Lihatlah bagaimana Paku melemparkan kesalahan kepada Palu, bahkan secara tersirat meminta Papan agar memusuhi Palu. Jika kamu marah kepada temanmu, tidak perlu kauajak temanmu yang lain untuk memusuhi atau menjauhi teman yang kaumarahi itu. Â
Temanku yang pertama marah karena temanku yang kedua menagih lewat pesan, lalu terbaca oleh istrinya, lalu ketahuan oleh mertua dan kakak iparnya.

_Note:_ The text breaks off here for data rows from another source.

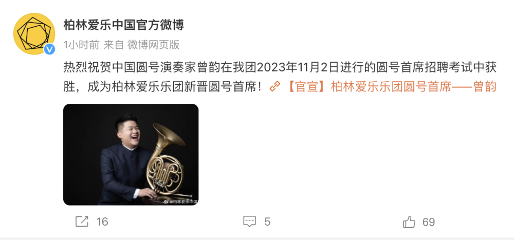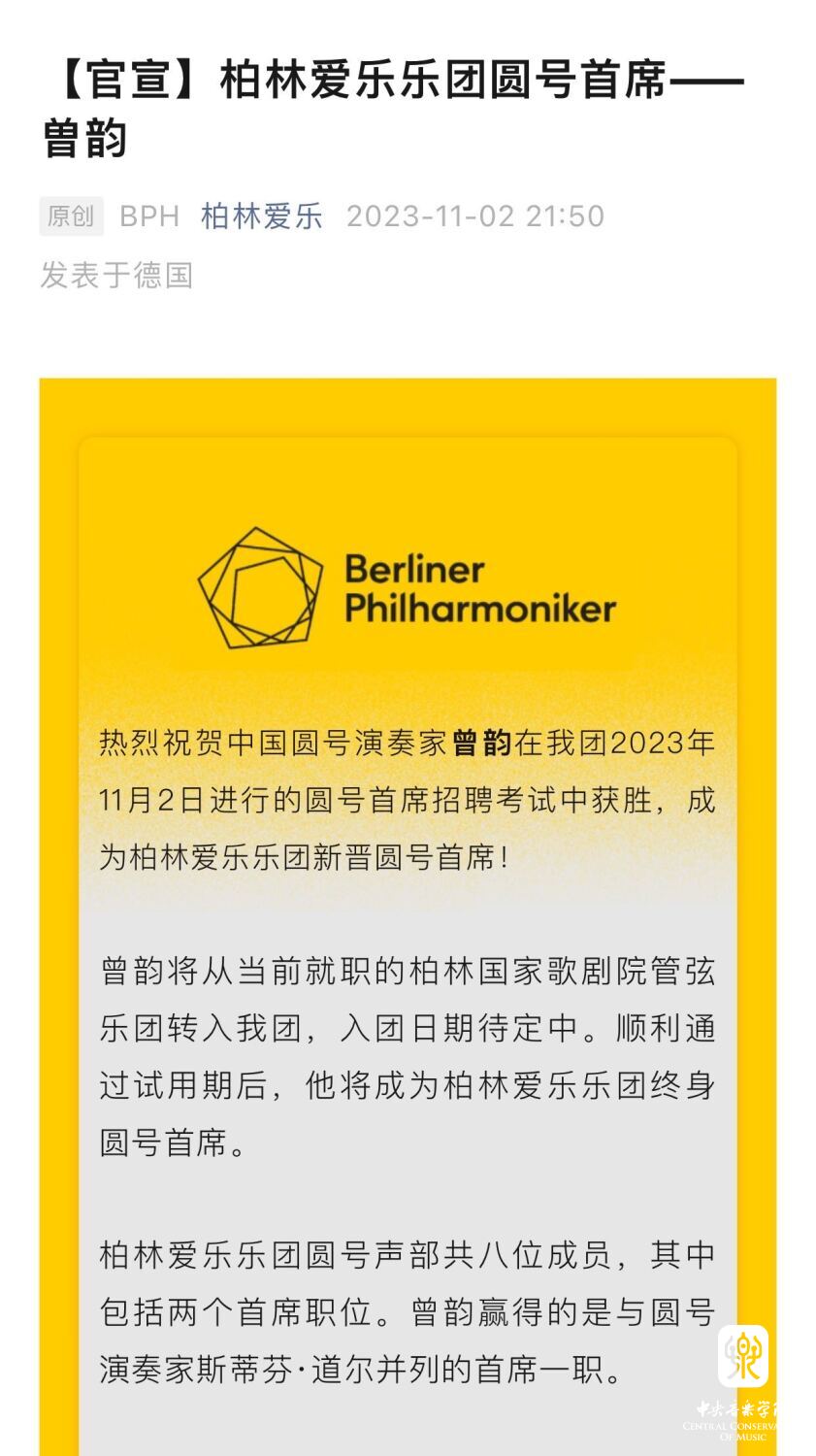 曾韵你好!柏林爱乐官宣刚宣布你成为新晋圆号首席,这一重大喜讯顿时让kaiyun体育网页登录入口师生们沸腾了,音乐界沸腾了!
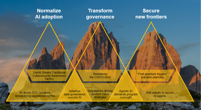 Gartner’s top cybersecurity trends for 2026 fall into three distinct themes: normalize AI adoption, secure new frontiers, and transform governance | Source: Gartner
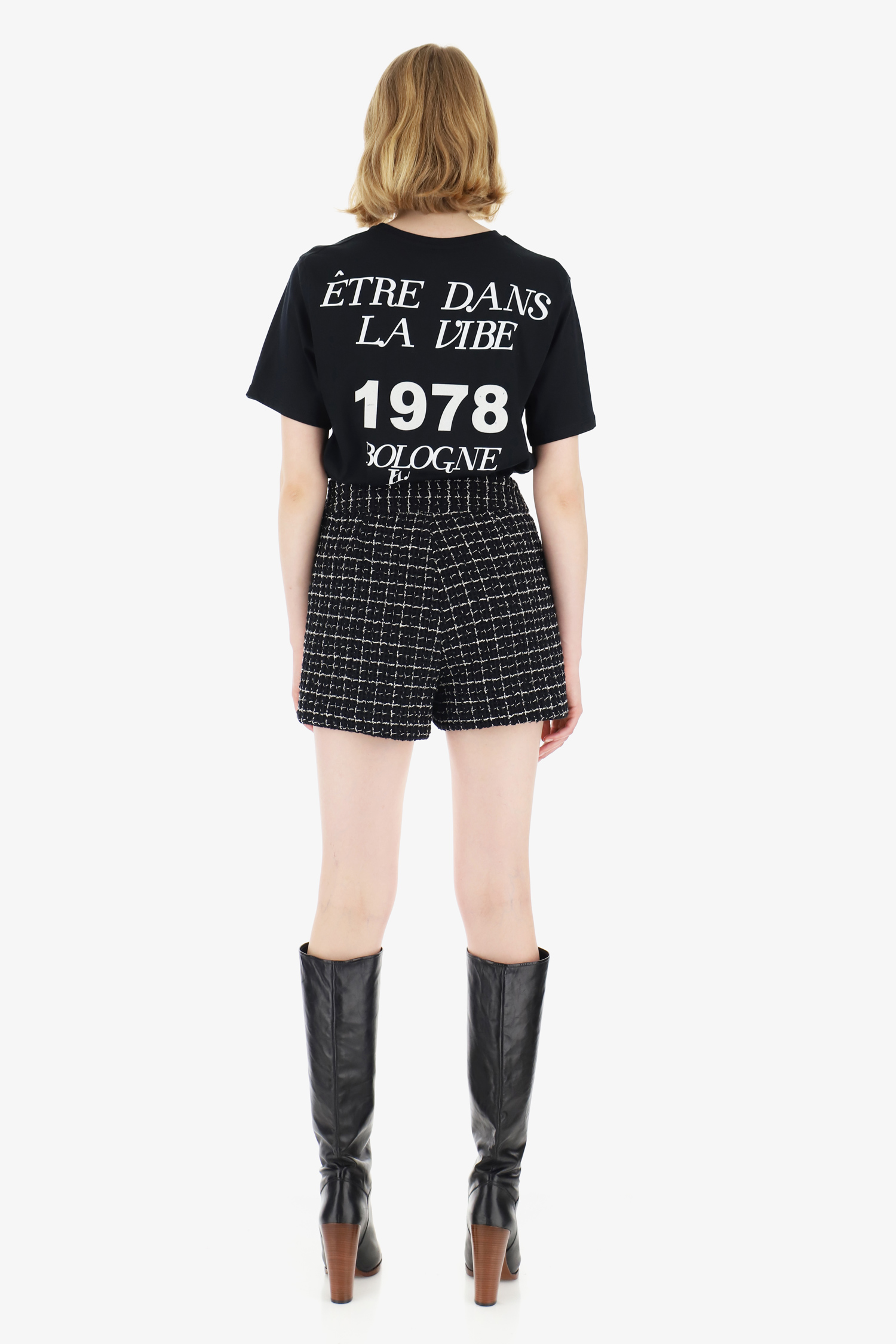 Calções retos de cintura média em tweed, com bolsos falsos com abas de contraste e botões de jóia.
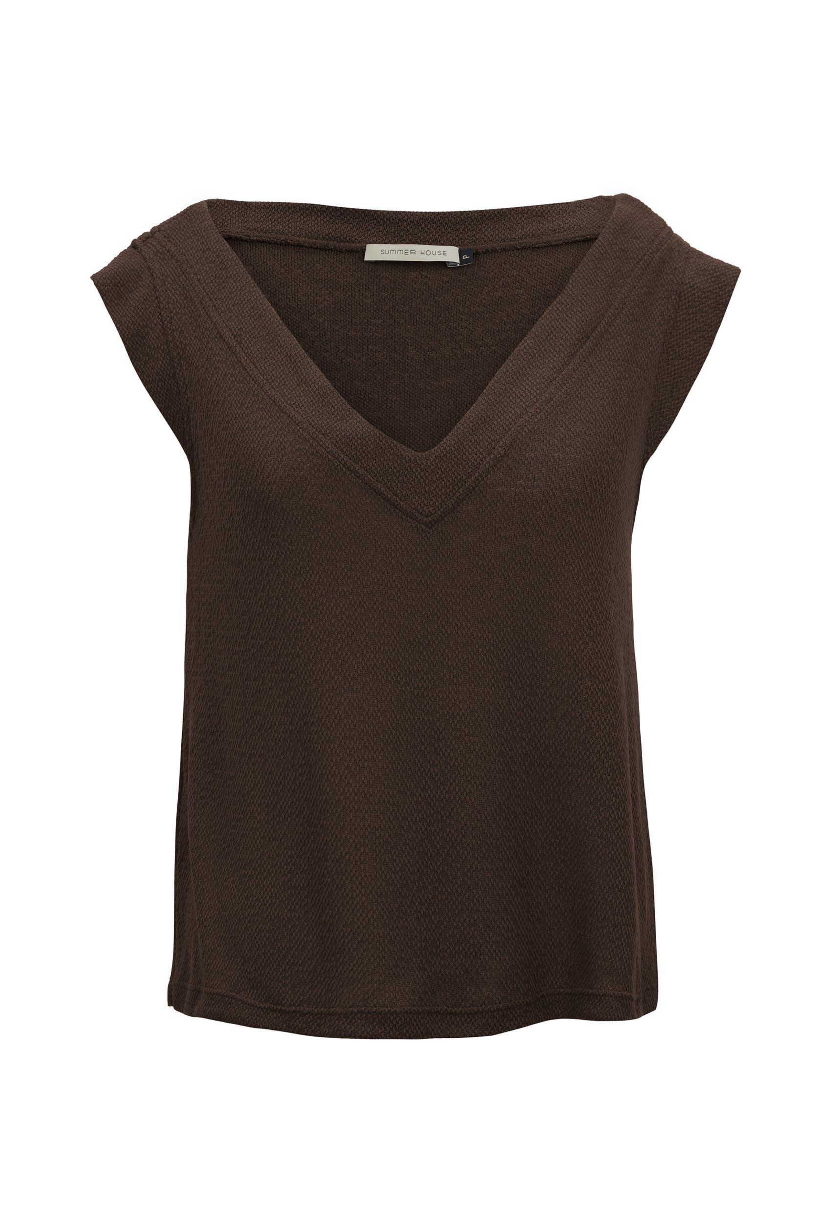 Blusa com modelagem solta, manga curta e com decote V. Confeccionada em malha com aspecto de tricot, com viscose na composição. Não possui forro.
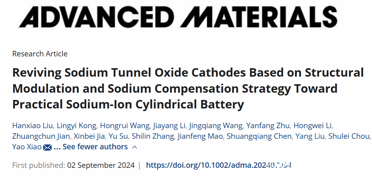 该成果以“Reviving Sodium Tunnel Oxide Cathodes Based on Structural Modulation and Sodium Compensation Strategy Towards Practical Sodium-ion Cylindrical Battery”为题,发表在《Advanced Materials》上,小宝影院 为第一通讯单位,我院硕士研究生刘含笑和孔令益为共同第一作者。
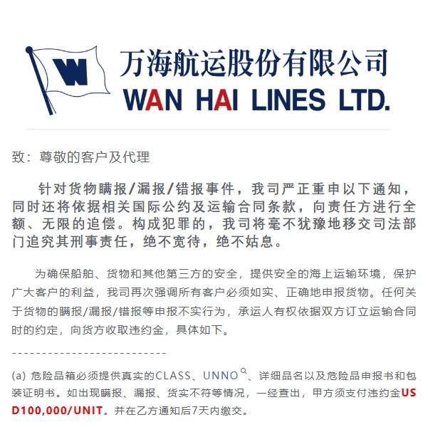 近日,万海航运发布了关于货物瞒报、漏报、错报的通知,重申重要规定。
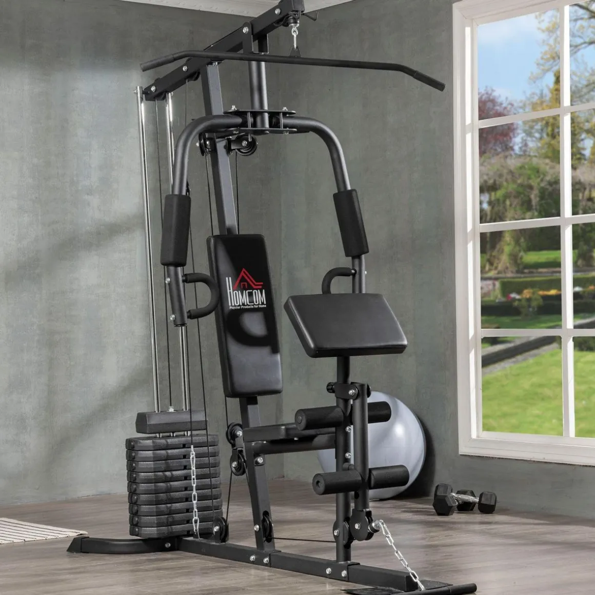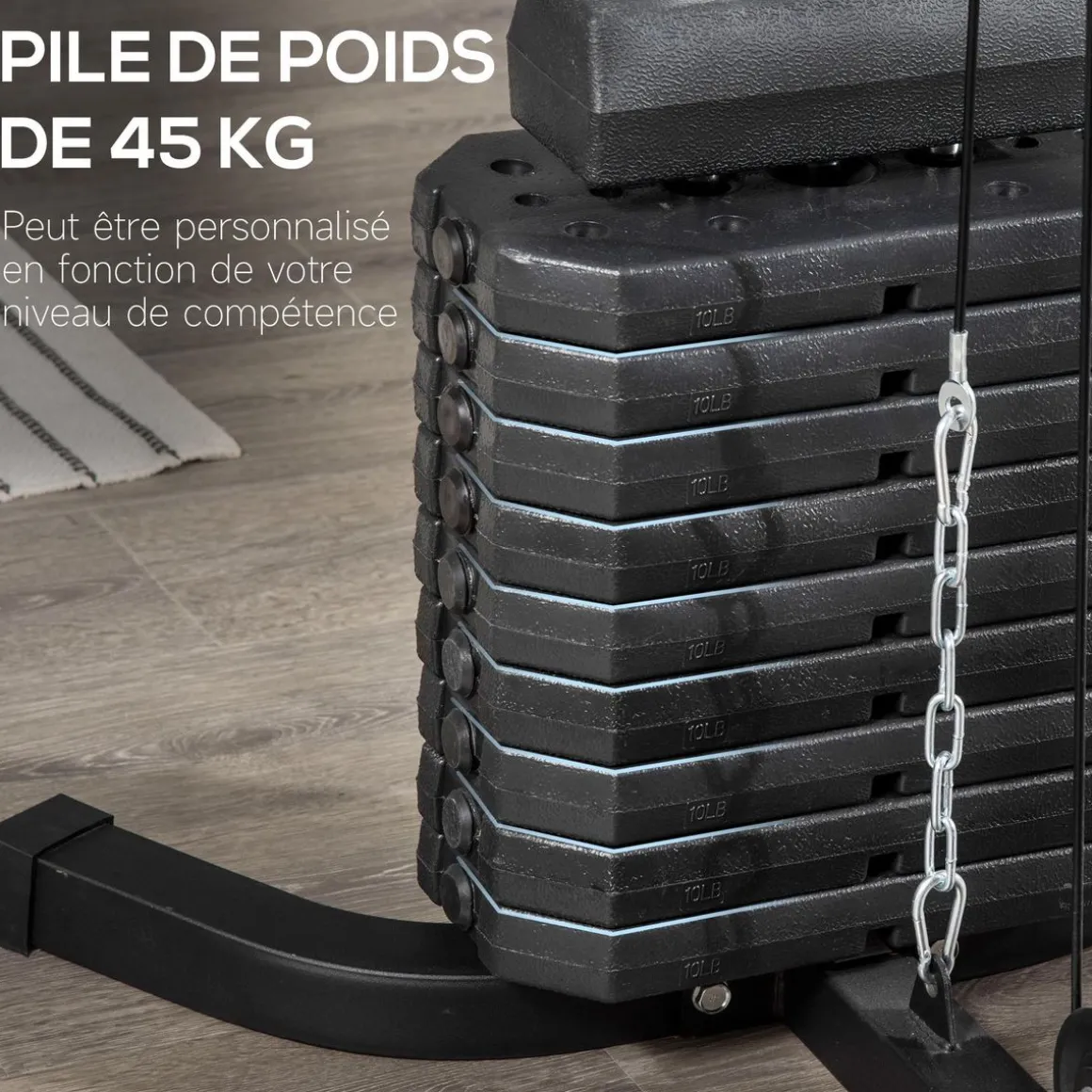 – Nombreux équipements : module développé couché, butterfly, barre latissimus, curler, flexion de jambes, bande de résistance et 9 contrepoids

Ia tidak tahu bahwa temannya yang menagih itu sedang berjuang mati-mati mencari uang untuk mengobati anaknya.
Temanku yang kedua marah karena piutangnya dikembalikan dengan bunga berupa omelan. Ia tidak tahu bahwa temannya yang sudah membayar utang itu setengah mati mempertahankan semangat hidup, setengah mampus mempertahankan rumah tangganya, dan hampir koit karena kehilangan harga diri di hadapan mertua dan kakak iparnya.
Dua temanku itu, ajaibnya, terbawa amarah sampai-sampai lupa bahwa mereka sudah lama berteman. Mereka lupa bagaimana cara berkomunikasi yang tepat. Mereka lebih memilih jalan keluh, persis seperti Palu. Mereka lupa bahwa keluhan mungkin meringankan beban, tetapi tidak pernah bisa menyelesaikan masalah.
Andai keluhan bisa menyelesaikan masalah, Diari, pandemi korona di negeri ini akan selesai cukup dengan menggelar upacara mengeluh massal di lapangan sepakbola.